If x>0 then |x|=x so (x+1) (|x| - 1) > 0 becomes (x+1) (x - 1) > 0 --> x^2-1>0 --> x^2>1 --> x<-1 or x>1. Since we consider range when x>0 then we have x>1 for this case;

If x\leq{0} then |x|=-x so (x+1) (|x| - 1) > 0 becomes (x+1) (-x - 1) > 0 --> -(x+1) (x+1) > 0 --> -(x+1)^2>0 --> (x+1)^2<0. Now, since the square of a number cannot be negative then for this range given equation has no solution.

So, we have that (x+1) (|x| - 1) > 0 holds true only when x>1. Sufficient.


(2) |x| < 5 --> -5<x<5. Not sufficient.

Answer: A.

Hope it's clear.


Thanks Bunnel.
I have a question regarding the modulus of X.
|X| = -X when X<= 0
|X| = X when X> 0
Which range does zero belong to? Since we know the result in the end solely depends on whether the absolute value of x (whether it is positive or negative) and zero is rather inconsequential in deciding whether |X| is to become -X or +X.
So, is
|X| = -X when X< 0
|X| = X when X >= 0 wrong? (if you observe I have swapped the equal to zero sign from the negative to the positive case)

So where exactly does zero fall in a modulus scenario?
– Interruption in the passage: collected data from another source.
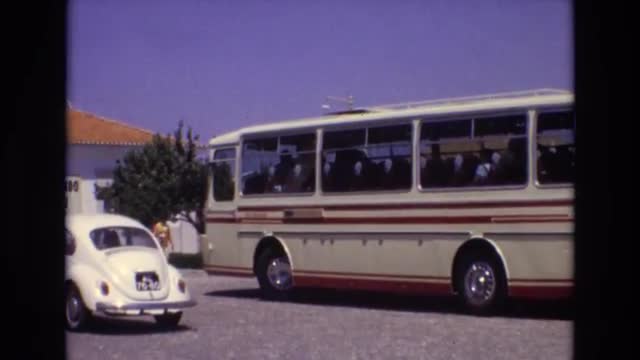 1972: a bus that is parked next a punch buggy car PORTUGAL
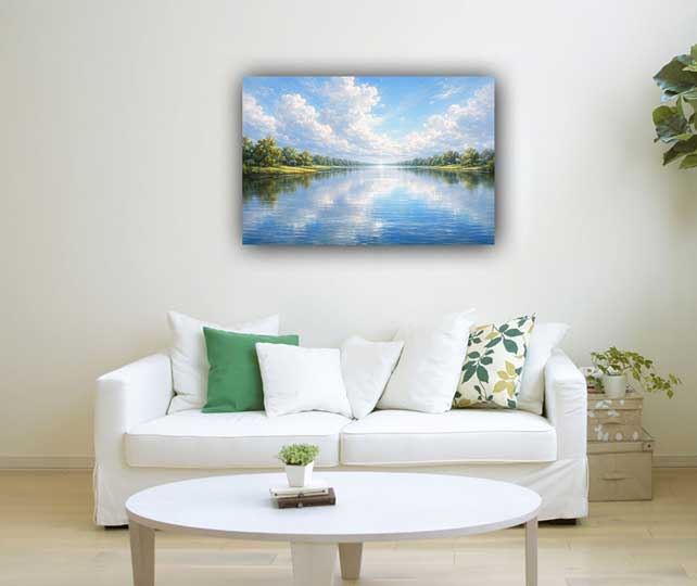 Tranquil lake wall art promoting peace, clarity, and spiritual balance.
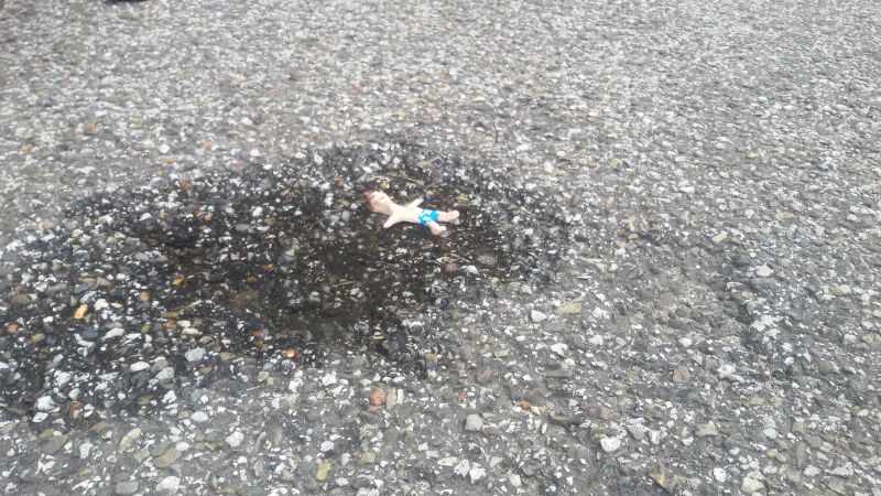 Ik vind deze straatkunst grappig omdat het heel grappig bedacht is maar ook weer heel simpel dat iedereen het kan begrijpen. Het is ook niet heel storend dus dat is ook goed en het heeft wel iets leuks vind ik.
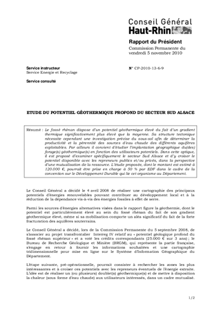 ETUDE DU POTENTIEL GÉOTHERMIQUE PROFOND DU SECTEUR SUD ALSACE
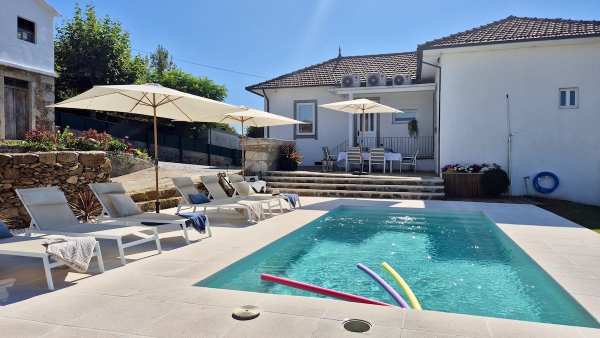 A Cancela House is a relaxing rural house in the countryside of the municipality of Arouca, famous for the Paiva walkways, the suspended bridge 516 and the river ativitives in river Paiva. In a small village in the north of the municipality, close to the Douro river, only 45 minutes from Porto. In a very peaceful place, near a small stream, the house will offer all the peace and calm to relax and to feel reconnected with nature. Enjoy the swimming pool and the outdoor beds beneath the vineyard!

It is important because it decides whether the values on the verge of the range are considered in the solution set or not.
Hope the description of my question is clear enough!
Thank you in advance!

My guess is that we will need to plug in the values on the edges of the range and then decide where the zero falls (or rather which values are to be considered)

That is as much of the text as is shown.